Felton v. City of Chicago, 062816 FED7, 14-3211

Docket Nº:14-3211
Party Name:Joseph Felton, Plaintiff-Appellant, v. City of Chicago, et al., Defendants-Appellees.
Judge Panel:Before Posner, Williams, and Hamilton, Circuit Judges.
Case Date:June 28, 2016
Court:United States Courts of Appeals, Court of Appeals for the Seventh Circuit

Joseph Felton, Plaintiff-Appellant,


City of Chicago, et al., Defendants-Appellees.

No. 14-3211

United States Court of Appeals, Seventh Circuit

June 28, 2016

Argued February 16, 2016

Appeal from the United States District Court for the Northern District of Illinois, Eastern Division. No. 14-cv-6857 - Milton I. Shadur, Judge.
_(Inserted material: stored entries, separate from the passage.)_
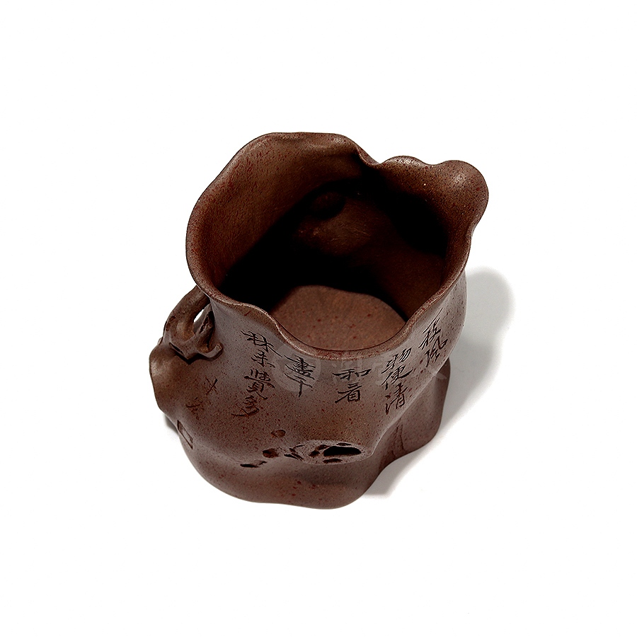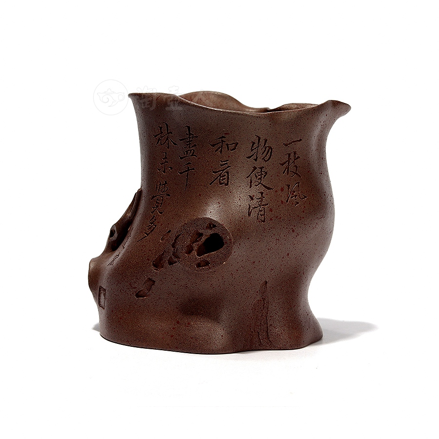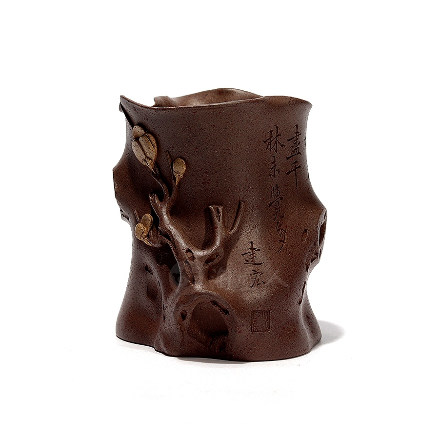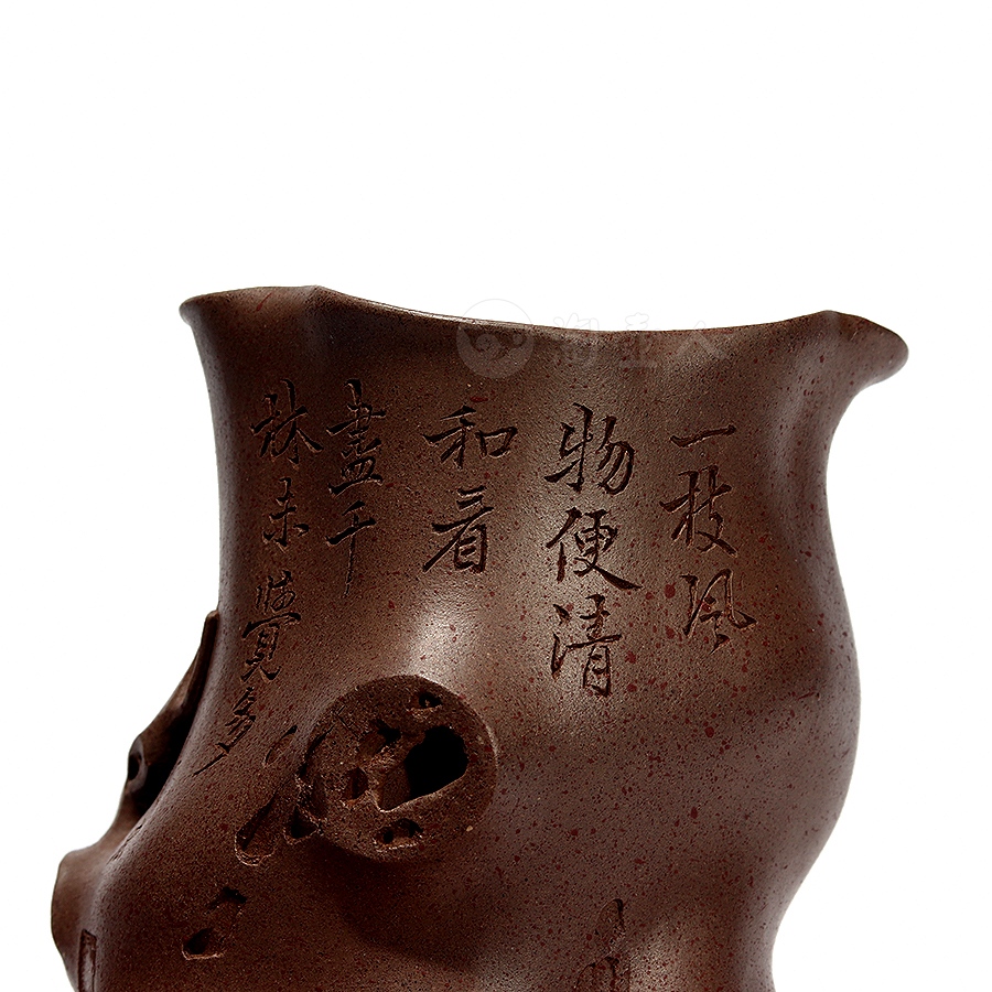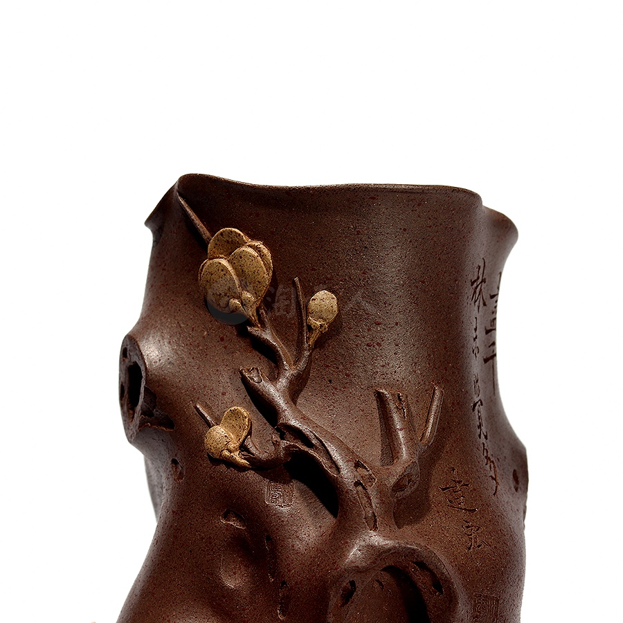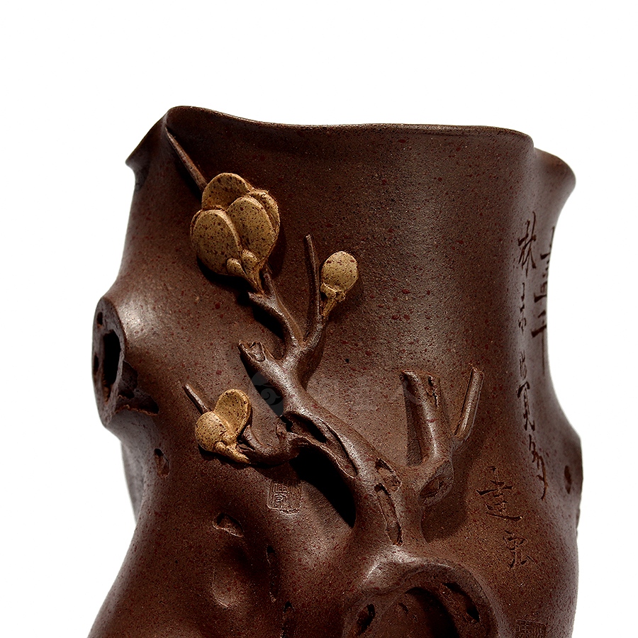 以梅花为题材,杯体为一截树桩,瘿节、孔洞遍布,杯口自然随形,小段梅枝自杯底延伸而出,依附于杯身,段泥做出朵朵含苞待放的梅花点缀枝头,花枝旁留白处陶刻苏轼咏梅诗句“一枝风物便清和,看尽千林未觉多”,呼应有致。此杯小小一件便将梅花形态表现得淋漓尽致,再配以契合肌理的泥色和洒红修饰,给人以鲜活的审美感受,值得精心收藏。
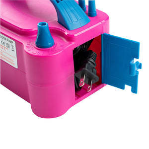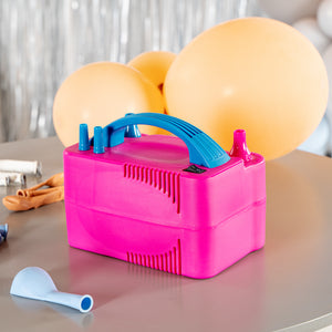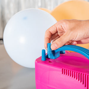 Save time by quickly inflating balloons for your decoration using our Balloonify Electric Air Balloon Pump. This automatic balloon inflator is made from premium PP material, making it durable and efficient. Manufactured with a copper and aluminum motor, this balloon inflator air pump has 600W power, inflating balloons of any material or size in a wink. With 2 inflation ports, this electric balloon inflator lets you fill air in two balloons simultaneously, saving time and energy. This balloon inflator machine lets you operate it manually in case of inflating a few balloons by covering the inflation port with the balloon and pressing it down. To inflate 25 to 30 balloons within a minute, operate this automatic balloon air pump using the on-off switch. Two smaller nozzle pins are provided with this balloon inflator air pump which are screwed into the ports, allowing you to inflate smaller balloons. This electric balloon inflator air pump has a cable storage case on the side to secure the 4.9-foot power chord. With a handle, this lightweight electric balloon blower is portable, making it comfortable for indoor and outdoor use. Measuring 8.2 inches in length by 6.6 inches in width by 5.5 inches in height, this electric balloon pump can be conveniently plugged into a 110V outlet. Shipped in a 1 count box.
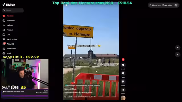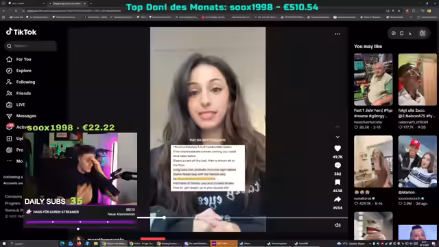 04:58:20Eine TikTok-Session wird gestartet, wobei der Streamer betont, dass der Account während des Streams erstellt wurde und er privat nichts damit zu tun hat. Es werden verschiedene skurrile Videos gezeigt, darunter ein Clip über Haribo Sour Candy, ein Clip über Euromünzen und ein Video mit dem Titel 'Weihnachten in Afghanistan, das Brettspiel'. Ein weiteres Video thematisiert das Verschwinden von Socken in der Waschmaschine. Ein Waschmaschinenfachmann erklärt, dass Socken durch einen Schlitz zwischen Trommel und Bottich gelangen und sich am Heizstab verfangen oder sogar aufgelöst werden können. Die Session endet mit weiteren humorvollen und teils absurden TikToks, darunter ein kurioses Haribo-Produkt namens 'Schniedelschleimkäse und Eichelmilch' und ein Video über die Weisheit von Frauen, die immer Recht haben.
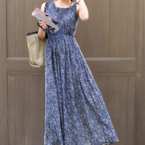 [미라클세븐]여성 시스루 플라워 패턴 루즈핏 쉬폰 나시 롱 드레스
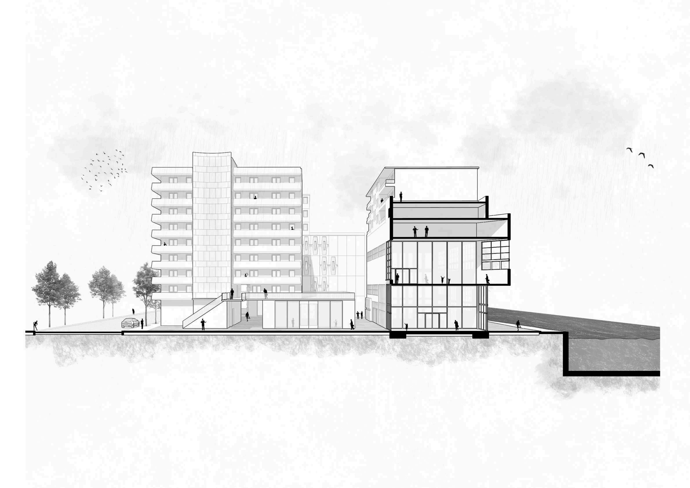 En esta sección transversal de la parcela se explica las diferentes alturas o desniveles que sufre el terreno y como el proyecto se fusiona
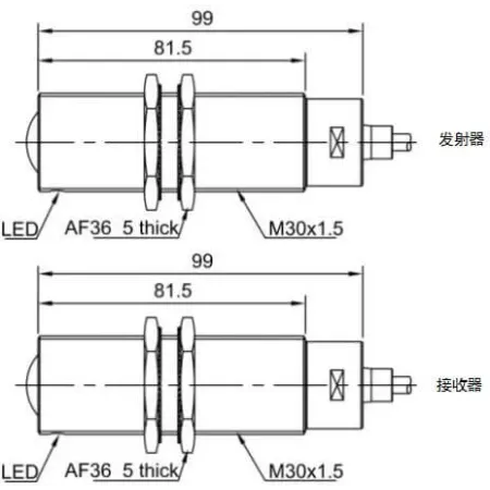 PR30L-TM150DEB LANBAO - Оптический датчик световой барьер: приемник, M30, PNP/NPN, до 150 м
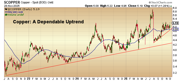 Influencers on "X," and "Instagram," and "Facebook" constantly refer to the "severe silver shortage" and throw up targets of $200, $300, $500 per ounce while failing to address the notion that at those prices, silver better have found a new application in transmitting electricity, oil, or natural gas. Otherwise, every silver serving tray, candlestick, spoon, and fork will be up on eBay or Kijiji looking for a bid — any bid — in order to monetize the stuff grandad kept hidden in his closet. Such is not the case for copper. I am overweight, that boring red metal that will never be classified as a "cult asset" like Bitcoin or gold and silver. I like it because it is used everywhere on the planet and required on every continent by every race, creed, and colour that aspires for a clean method of heating their home and cooking their food and removing waste through pipes, wires, and cathodes.
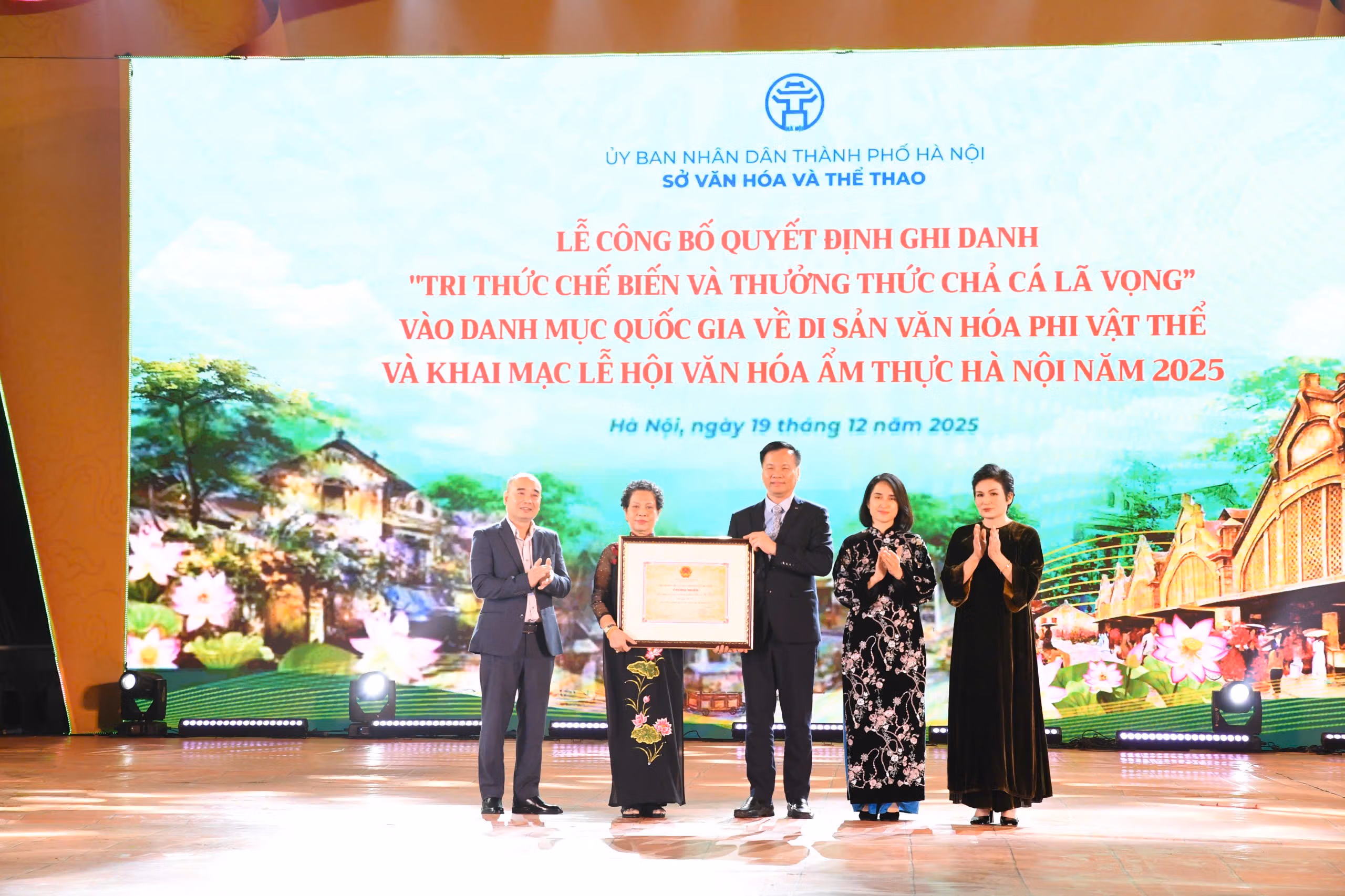 Tại lễ khai mạc, Ban tổ chức đã công bố quyết định của Bộ Văn hóa, Thể thao và Du lịch ghi danh “Tri thức chế biến và thưởng thức chả cá Lã Vọng (thành phố Hà Nội)” vào danh mục di sản văn hóa phi vật thể Quốc gia. Như vậy, đến nay, Hà Nội có 8 di sản ẩm thực đã được ghi danh trong danh mục di sản văn hóa phi vật thể Quốc gia, gồm: phở Hà Nội; nghề làm cốm Mễ Trì (phường Tứ Liêm); nghề làm trà sen Quảng An (phường Tây Hồ); nghề làm xôi Phú Thượng (phường Phú Thượng); nghề làm bánh cuốn Thanh Trì (phường Vĩnh Hưng); tri thức nấu cỗ Bát Tràng (xã Bát Tràng) và Tri thức chế biến và thưởng thức chả cá Lã Vọng.

Before Posner, Williams, and Hamilton, Circuit Judges.


Joseph Felton sued the City of Chicago and its police superintendent, alleging that police officers used excessive force in arresting him. The district judge consulted newspaper accounts of the arrest and then, without requiring an answer from the defendants, dismissed the suit as frivolous. But the suit was not frivolous and the judge should not have dismissed it by relying on newspaper stories. We reverse.


We recite the facts assuming the truth of Felton's allegations. On March 15, 2014, Felton was in a car in Harvey, Illinois, when he was approached by an unmarked car with "black tinted windows." This caused Felton, who was unarmed, to fear for his life. He fled, turning onto the expressway and heading toward Chicago. Chicago police officers "chased" him along the expressway and fired their guns at him (but Felton does not say he was hit). The officers then "ram[med]" their cars into his, causing him to "swerve out of control" and crash. At some point, he was "shot by 6 different stu[n] guns." As a result of the officers' actions, Felton was "put into critical condition" and suffered broken bones, bruises, a concussion, lost vision, and other injuries. He underwent several surgeries and suffered "excruciating pain and mental anguish." He brought this suit under 42 U.S.C. § 1983, alleging the officers used constitutionally excessive force.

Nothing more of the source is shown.